Das Landgericht Dortmund hat den Antrag auf einstweilige Verfügung gegen die von der FEI verhängte Sperre gegen die Springreiter Christian Ahlmann und Denis Lynch zurückgewiesen.

Frust und Enttäuschung bei Christian Ahlmann: Der 33 Jahre alte Springreiter aus Marl hat im juristischen Hickhack um seine vorläufige Sperre durch den Weltverband FEI wieder das Nachsehen gehabt. Nachdem das Landgericht Dortmund am Donnerstag seinen Antrag auf einstweilige Verfügung zurückgewiesen hat, muss der Doppel-Europameister von 2003 nun bis zur Entscheidung der FEI im Hauptverfahren warten, um Klarheit über seine endgültige Sperre zu erhalten.

"Das ist schon deprimierend und zäh. Wenn man konkret wüsste, woran man ist, wäre mir wohler. Ich hoffe, die Entscheidung kommt bald", sagte Ahlmann. Sein Anwalt Andreas Kleefisch meinte: "Eine Aussetzung der Sperre wäre sicher nur für eine begrenzte Dauer gewesen. Ich gehe davon aus, dass wir im Hauptverfahren in den nächsten fünf, sechs Tagen eine Entscheidung erhalten."

Auch Denis Lynch vor Gericht gescheitert

Im juristischen Dauerstreit gegen die vorläufige Suspendierung zog auch der bei Münster lebende irische Springreiter Denis Lynch am Donnerstag vor der 13. Zivilkammer in Dortmund den Kürzeren. "Die Sperren sind in beiden Fällen nicht zu beanstanden, weil der dringende Verdacht von unerlaubten Medikationsfällen besteht", sagte eine Sprecherin des Gerichts.
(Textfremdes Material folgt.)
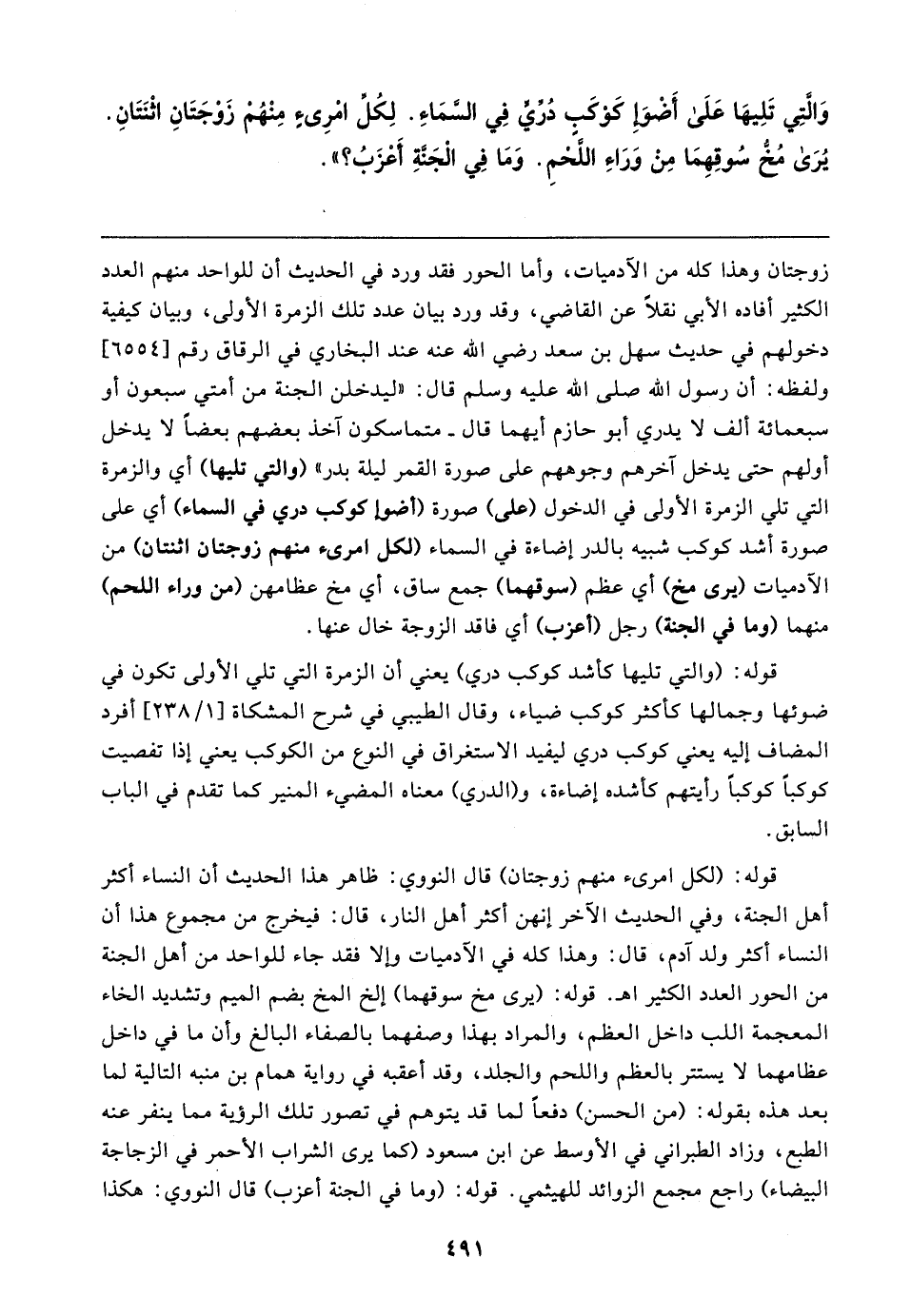 زوجتان وهذا كله من الآدميات، وأمَّا الحور فقد ورد في الحديث أن للواحد منهم العدد الكثير أفاده الأبي نقلًا عن القاضي، وقد ورد بيان عدد تلك الزمرة الأولى، وبيان كيفية دخولهم في حديث سهل بن سعد رضي الله عنه عند البُخاريّ في الرقاق رقم [٦٥٥٤] ولفظه: أن رسول الله صَلَّى الله عليه وسلم قال: "ليدخلن الجنَّة من أمتي سبعون أو سبعمائة ألف لا يدري أبو حازم أيهما قال - متماسكون آخذ بعضهم بعضًا لا يدخل أولهم حتَّى يدخل آخرهم وجوههم على صورة القمر ليلة بدر" (والتي تليها) أي والزمرة التي تلي الزمرة الأولى في الدخول (على) صورة (أضوإ كوكب دري في السماء) أي على صورة أشد كوكب شبيه بالدر إضاءة في السماء (لكل امرئ منهم زوجتان اثنتان) من الآدميات (يرى مخ) أي عظم (سوقهما) جمع ساق؛ أي منع عظامهن (من وراء اللحم) منهما (وما في الجنَّة) رجل (أعزب) أي فاقد الزوجة خال عنها.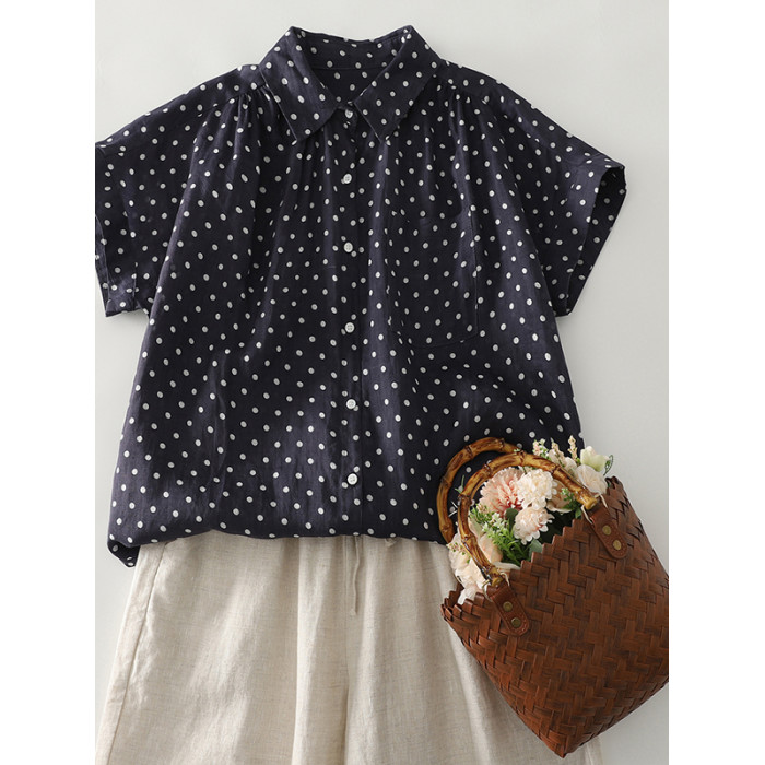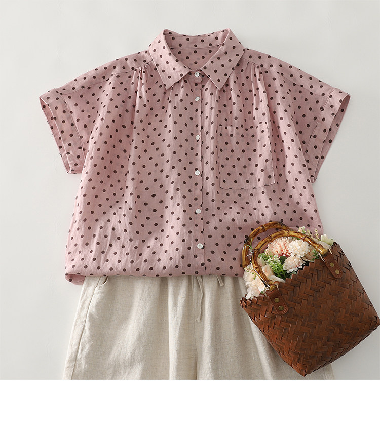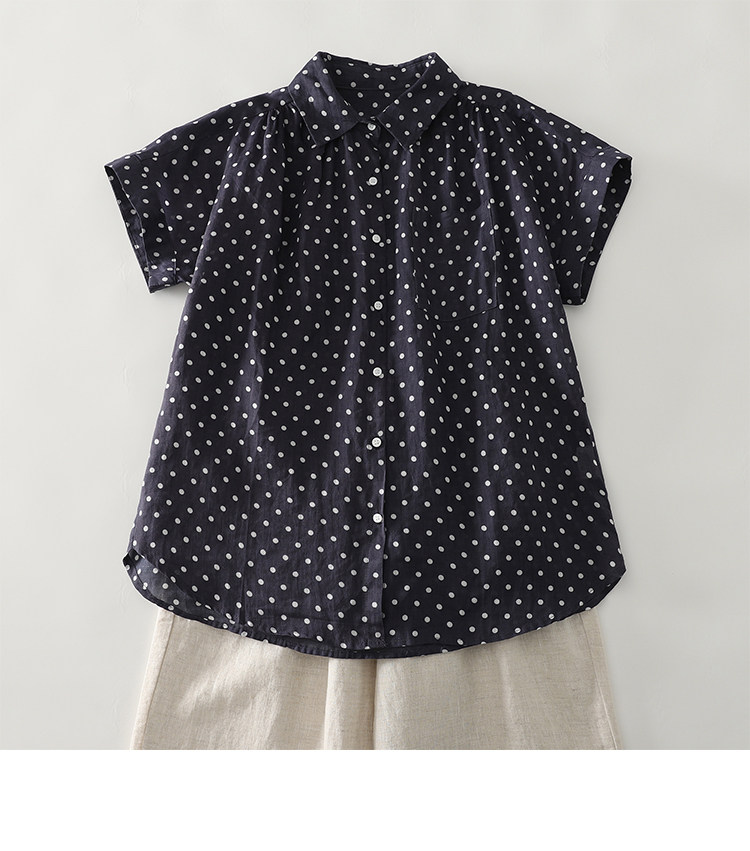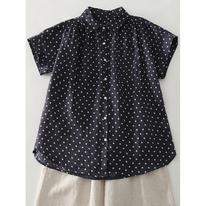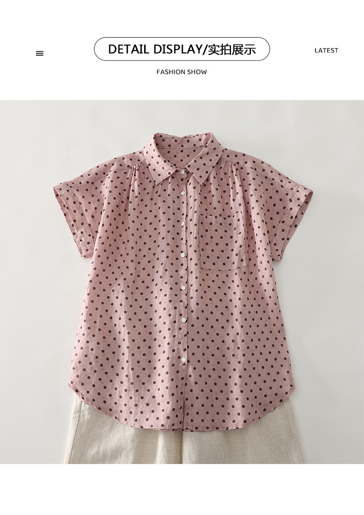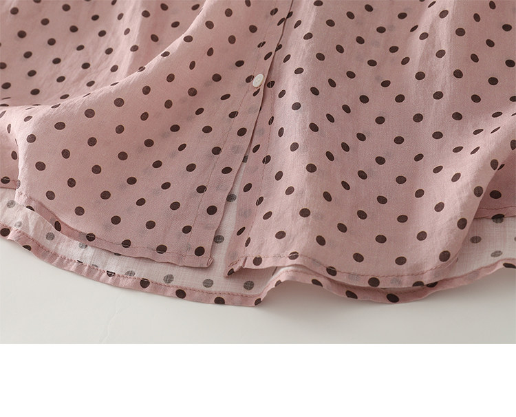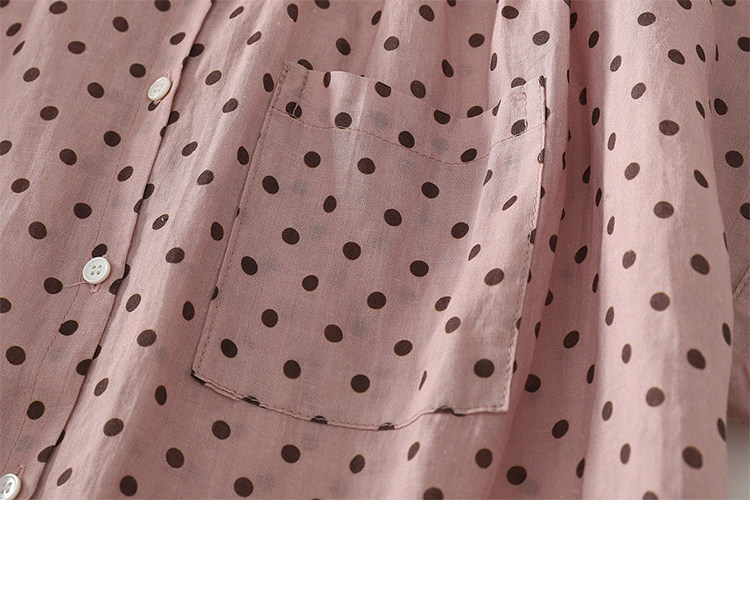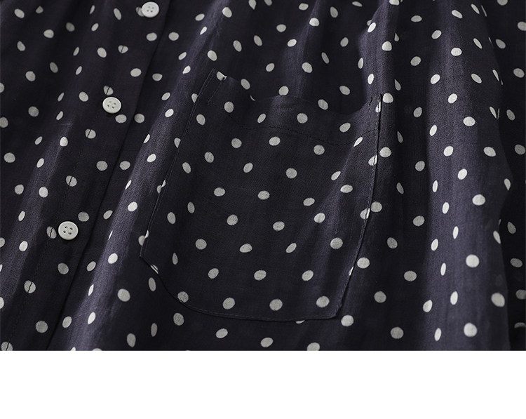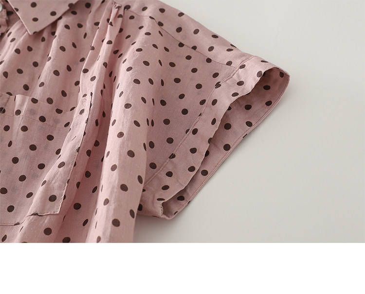 出口日單外單夏季棉麻波點短袖襯衫休閒顯瘦單排釦口袋上衣女

Damit bewertete die Kammer die Schwere der Vergehen von Seiten der Reiter stärker als persönliche Einbußen wie etwa den Verdienstausfall. In seiner Begründung hielt sich das Gericht dicht an der Linie der FEI. Durch den Nachweis der Einnahme des für den Wettkampf unerlaubten Mittels Capsaicin bei den Pferden von Ahlmann und Lynch sei die Möglichkeit einer Beeinflussung der "Leistungsfähigkeit der Tiere durch Linderung von Schmerzen" gegeben.

Tatort Peking

Der ehemalige Doppel-Europameister Ahlmann und Lynch gehören zu einer Gruppe von fünf Springreitern, die seit den Olympischen Reiterspielen durch die FEI gesperrt sind, weil ihre Pferde in Hongkong auf Capsaicin oder ähnliche Substanzen positiv getestet worden waren. Gegen Ahlmann und Lynch sowie gegen den Norweger Tony Andre Hansen sind vor dem FEI-Tribunal Verfahren anhängig. Lediglich in den Fällen der brasilianischen Reiter Rodrigo Pessoa (viereinhalb Monate Sperre) und Bernardo Alves (dreieinhalb Monate) wurden Urteile gesprochen.

Mit der Entscheidung gegen die Reiter machte das Landgericht das augenblickliche Urteil-Chaos im internationalen Springreiten perfekt. In Rio de Janeiro hatte ein Zivilgericht am Dienstag Rodrigo Pesso die Starterlaubnis für das mit einer Million Euro dotierte Finale der Global Champions Tour (GCT) am Wochenende in Sao Paulo erteilt, ehe die FEI am Mittwochabend Widerstand ankündigte.

Der deutsche Springreiter Daniel Deusser, dem nach einem positiven Medikationsfall bei seinem Pferd vom nationalen Verband FN die Jahresturnierlizenz entzogen worden war, hatte sich am Mittwoch ebenfalls vor einem Landgericht die Startgenehmigung für Sao Paulo erstritten. Im Fall Ahlmann und Lynch blieb das Gericht jedoch hart.